* [GIVEN RECORDS]
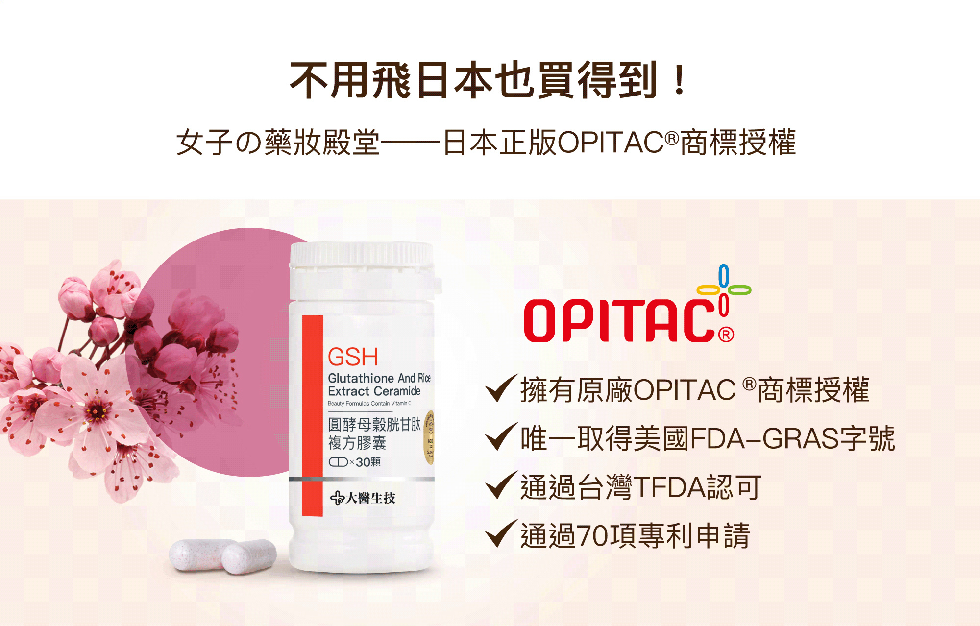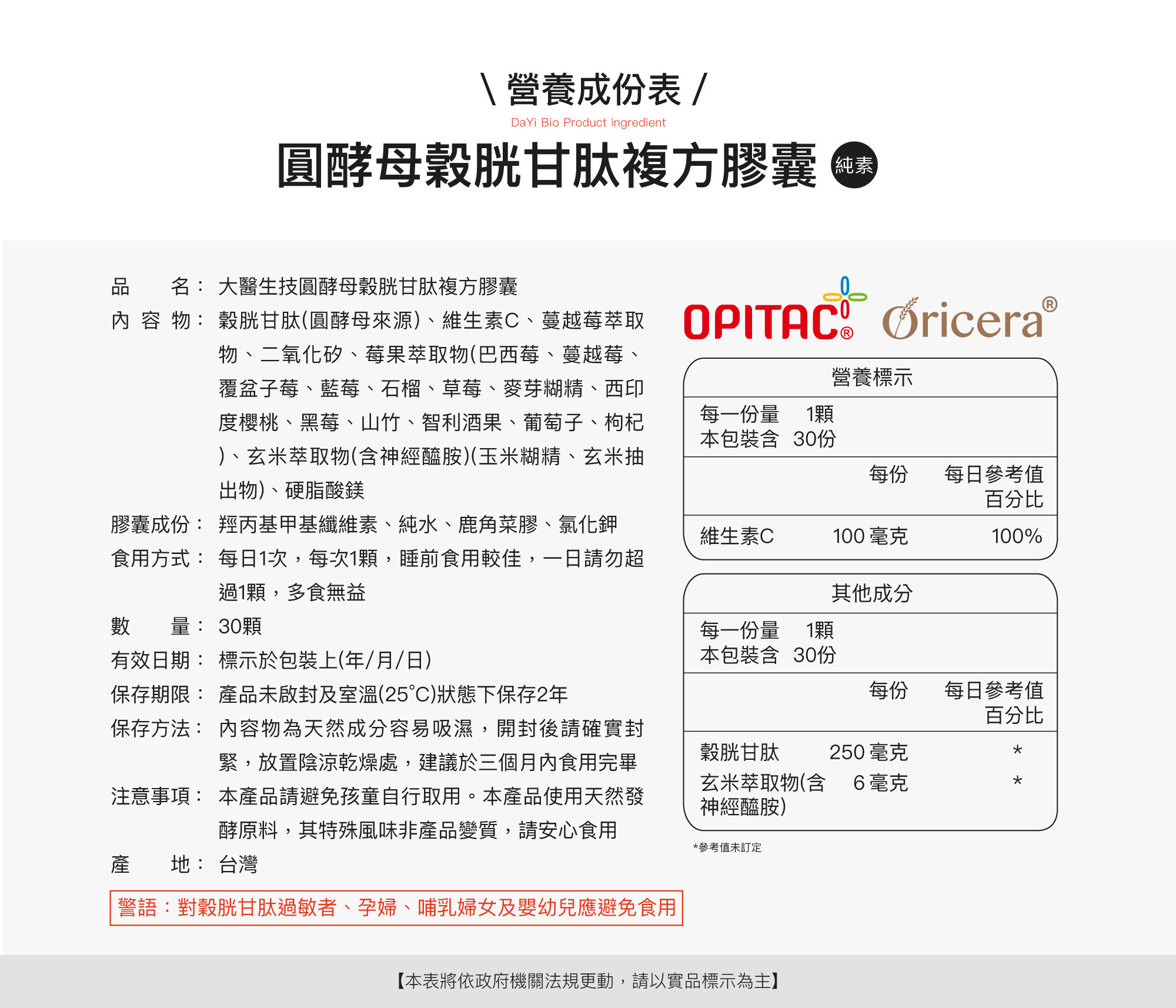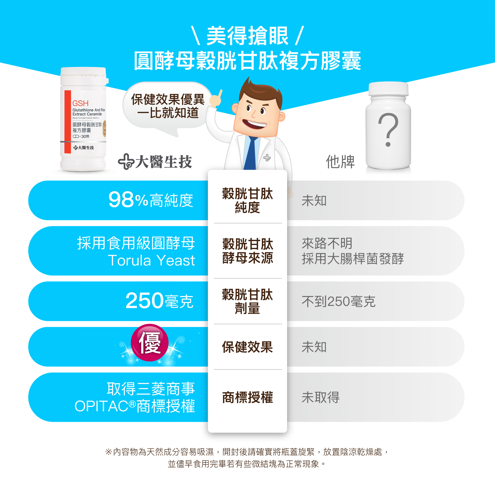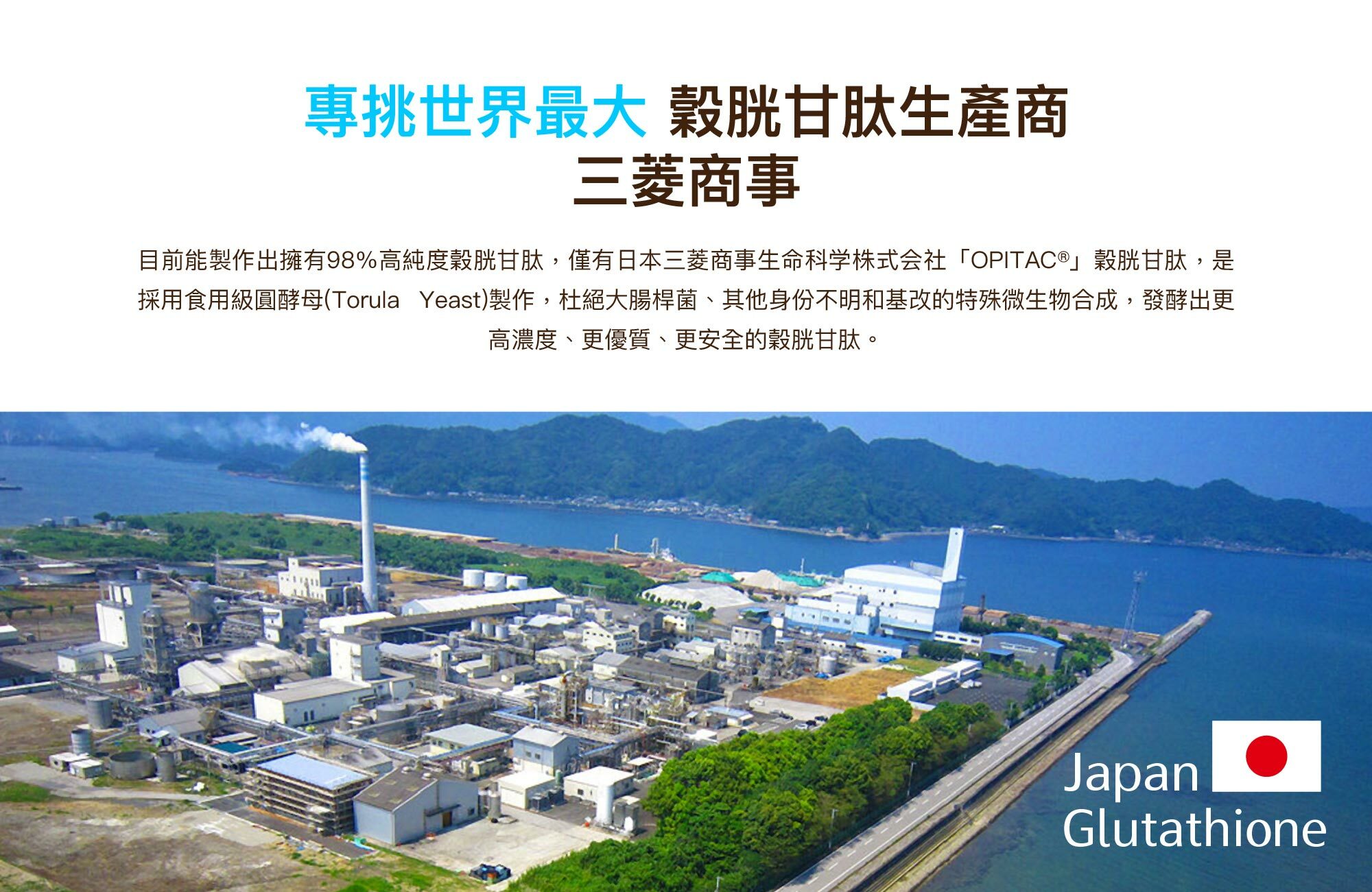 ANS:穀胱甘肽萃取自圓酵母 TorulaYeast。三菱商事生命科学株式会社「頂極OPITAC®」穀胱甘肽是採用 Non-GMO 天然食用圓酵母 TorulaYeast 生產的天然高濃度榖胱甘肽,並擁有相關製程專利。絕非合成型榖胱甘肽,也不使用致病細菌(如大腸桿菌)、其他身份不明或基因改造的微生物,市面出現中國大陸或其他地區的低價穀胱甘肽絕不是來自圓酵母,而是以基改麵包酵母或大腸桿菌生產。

* * *

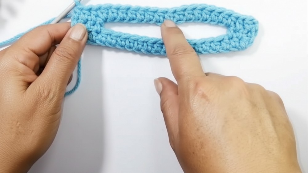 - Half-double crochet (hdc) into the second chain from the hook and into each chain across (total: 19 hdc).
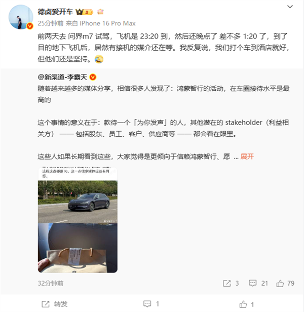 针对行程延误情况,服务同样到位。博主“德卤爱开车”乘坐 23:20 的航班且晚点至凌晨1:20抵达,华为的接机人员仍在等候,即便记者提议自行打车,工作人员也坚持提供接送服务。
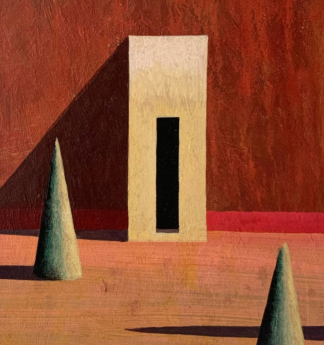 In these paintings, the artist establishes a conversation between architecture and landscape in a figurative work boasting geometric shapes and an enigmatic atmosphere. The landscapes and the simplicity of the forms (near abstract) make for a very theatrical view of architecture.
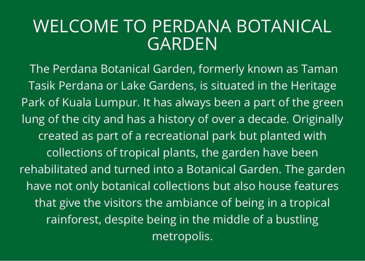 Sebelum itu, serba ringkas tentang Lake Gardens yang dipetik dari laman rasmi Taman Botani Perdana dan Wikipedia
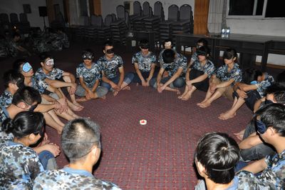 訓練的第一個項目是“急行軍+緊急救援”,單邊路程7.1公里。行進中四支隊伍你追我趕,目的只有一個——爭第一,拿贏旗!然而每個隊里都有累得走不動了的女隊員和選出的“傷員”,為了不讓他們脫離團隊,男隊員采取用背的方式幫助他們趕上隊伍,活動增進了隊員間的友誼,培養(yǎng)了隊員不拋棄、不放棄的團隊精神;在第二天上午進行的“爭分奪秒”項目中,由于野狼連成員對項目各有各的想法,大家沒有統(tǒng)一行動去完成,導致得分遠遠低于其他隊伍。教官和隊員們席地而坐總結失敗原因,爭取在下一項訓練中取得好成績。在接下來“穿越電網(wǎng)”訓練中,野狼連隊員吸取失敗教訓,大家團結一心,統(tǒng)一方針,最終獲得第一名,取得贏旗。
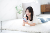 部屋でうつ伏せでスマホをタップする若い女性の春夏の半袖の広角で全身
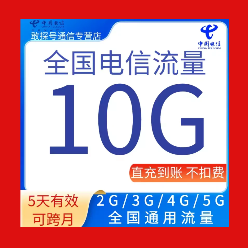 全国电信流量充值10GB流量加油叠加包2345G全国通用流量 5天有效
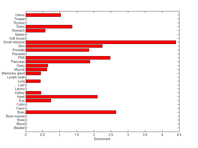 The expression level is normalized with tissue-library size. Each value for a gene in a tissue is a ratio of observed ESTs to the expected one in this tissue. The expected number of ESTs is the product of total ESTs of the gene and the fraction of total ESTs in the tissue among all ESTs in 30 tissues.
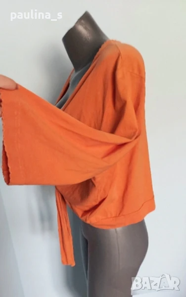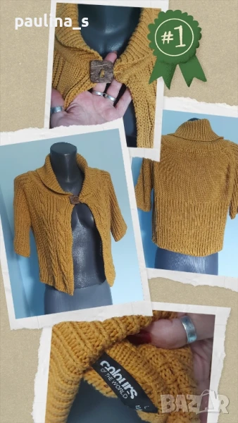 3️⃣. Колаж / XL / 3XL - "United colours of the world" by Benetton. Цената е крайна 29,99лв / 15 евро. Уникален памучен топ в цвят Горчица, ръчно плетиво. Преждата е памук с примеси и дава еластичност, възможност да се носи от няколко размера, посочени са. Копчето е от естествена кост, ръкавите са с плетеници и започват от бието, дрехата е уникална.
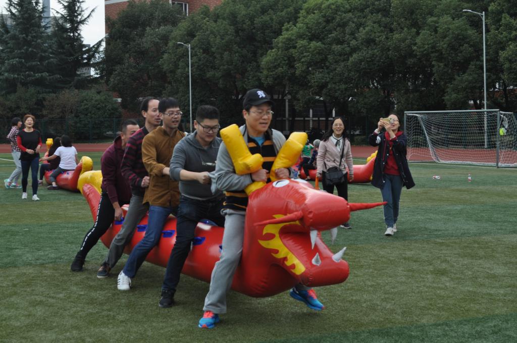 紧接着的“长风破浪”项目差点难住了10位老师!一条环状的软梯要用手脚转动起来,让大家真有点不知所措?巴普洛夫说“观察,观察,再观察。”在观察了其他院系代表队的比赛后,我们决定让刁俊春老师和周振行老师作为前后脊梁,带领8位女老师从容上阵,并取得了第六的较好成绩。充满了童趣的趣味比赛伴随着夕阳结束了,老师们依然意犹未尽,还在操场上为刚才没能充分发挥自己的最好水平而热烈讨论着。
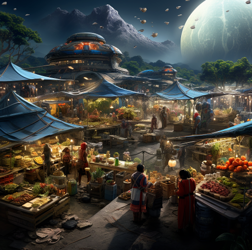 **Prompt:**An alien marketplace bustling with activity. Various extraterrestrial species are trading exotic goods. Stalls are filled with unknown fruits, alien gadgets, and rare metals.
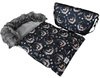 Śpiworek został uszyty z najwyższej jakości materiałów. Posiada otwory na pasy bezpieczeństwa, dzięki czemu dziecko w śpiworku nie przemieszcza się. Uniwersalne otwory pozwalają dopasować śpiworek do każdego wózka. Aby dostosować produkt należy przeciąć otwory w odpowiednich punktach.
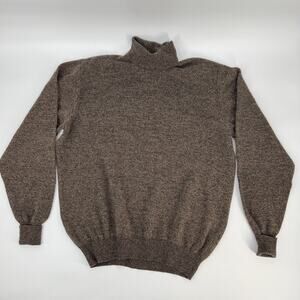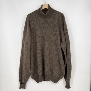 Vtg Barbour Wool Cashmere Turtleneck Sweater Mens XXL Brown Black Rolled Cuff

* [WHAT THE EXERCISE ASKS] Nothing outside the stretch above, from the line with "全国电信流量充值10GB流量加油叠加包2345G全国通用流量 5天有效" through the line with "The expression level", is set down. Transcribe that stretch exactly, ends included, but not its pictures.

* [TASK RESPONSE]
 全国电信流量充值10GB流量加油叠加包2345G全国通用流量 5天有效
 The expression level is normalized with tissue-library size. Each value for a gene in a tissue is a ratio of observed ESTs to the expected one in this tissue. The expected number of ESTs is the product of total ESTs of the gene and the fraction of total ESTs in the tissue among all ESTs in 30 tissues.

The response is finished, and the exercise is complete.